We spend considerable time educating our patients and arranging follow up. The discharge process also requires provision of written instructions. My personal impression is that many departments have given up trying to conquer this beast and just make do with whatever the hospital has purchased.  There are dozens of computerized discharge systems. Most suffer the same inadequacies. Customization is too cumbersome so patients go home with whatever comes off the printer with minimal changes.  Not infrequently they contain inconsistencies with the verbal instructions. The good news and the bad news here is the same, patients rarely read what we give them. Departments should strive to make instructions simple, straightforward and reliably consistent with practice protocols.  They should also be easily modified to patient needs. 

My own preference for discharge follows a simple formula with 4 specific elements: 

  1. Identify the diagnostic impression; 
  2. Outline the treatment prescribed with a brief rational or explanation as needed. This includes prescriptions, OTC recommendations. Diet & activity limitations or recommendations, wound care instructions, etc.
  3. Emergency precautions.
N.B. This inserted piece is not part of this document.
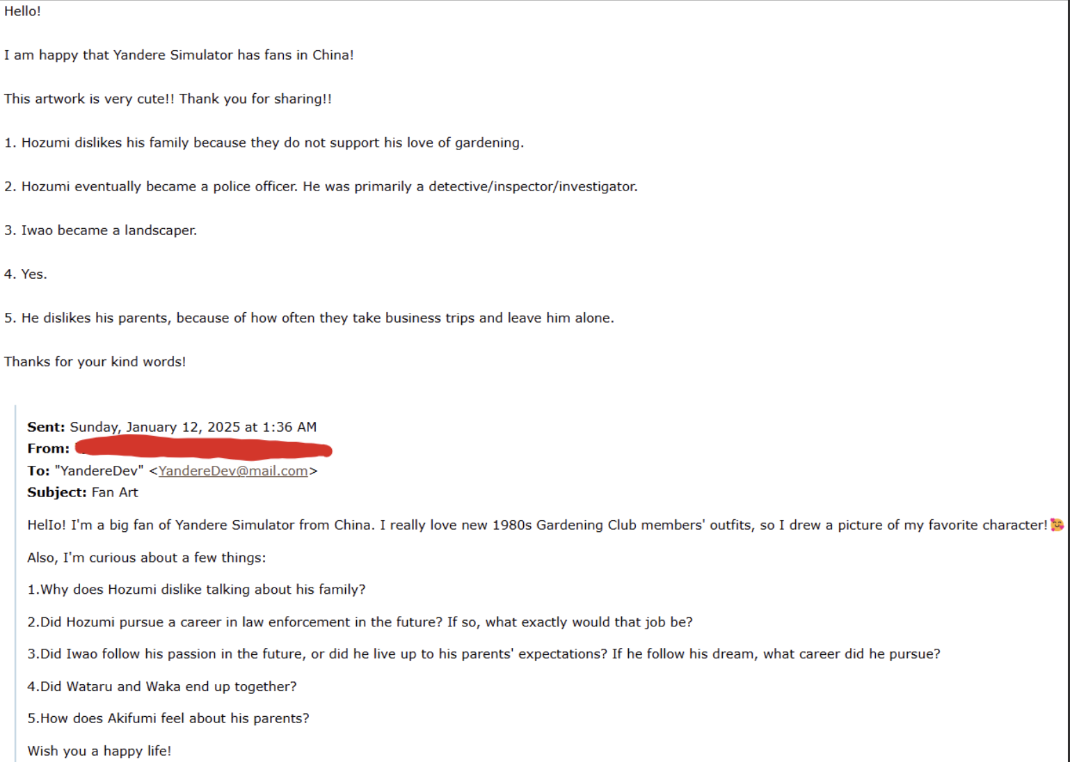 At 8:15 AM, Iwao will run to Classroom 2-1 and sit at his desk. He starts his morning classes at 8:30 AM. Then, he leaves to eat his lunch at the Gardening Club at 1:00 PM.
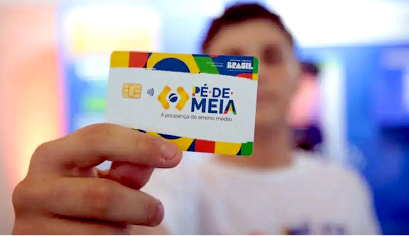 Pessoa segura o cartão do programa Pé de Meia © MEC/Divulgação

In almost every visit there are some risks of bad outcomes related to inaccurate diagnoses, complications (expected or unexpected), lack of predicted response to treatment, etc. I favor a separately identifiable, clear and highlighted section for each discharge set that considers the possible bad outcomes and specifically identifies those early signs or symptoms, identifiable by the patient, that require immediate follow up. All these issues should have been covered in discussion outlined above. 
  4. The final area to be covered on the discharge instructions is non-emergent or routine follow up. This tells the patient who and where to follow up and what to do should there be any problems arranging the recommended follow up. If you subscribe to the need to disclaimers of any kind, they can also be put here. 

All on one page would be the goal, although additional pages are often necessary for required prescription drug information, secondary instructions, information or referrals. In this situation, it is best if the primary basics can be kept on a single first page. I believe if written instruction would follow this model, the instructions that we deem most important would be more likely to be read and followed. 


The patient is SATISFIED (to a reasonable extent given the scenario)

I add this just as a reminder that the final goal is to discharge a patient who is satisfied and feels positive about the interaction with the physician. A patient who leaves feeling positive is much more likely to be compliant, less likely to blame bad outcomes on the provider and therefore presents much lower risk to all involved. 


The physicians final face-to-face encounter with the patient is the last chance to make everything right. Time spent here will be well rewarded. The busy milieu of the ED, delays in treatment/testing/reporting, and prioritized care to more serious patients, may all have caused the physician-patient relationship to be strained. The physician should summarize the entire visit for the patient and provide appropriate patient education.  Done properly, this becomes the perfect platform to display the care, compassion and supportive advocacy role of the physician. Good medical care is imperative, unfortunately few patients have the ability to judge the true quality of care provided. Managing risk therefore involves assuring BOTH good quality care and a good perception of the physician providing care.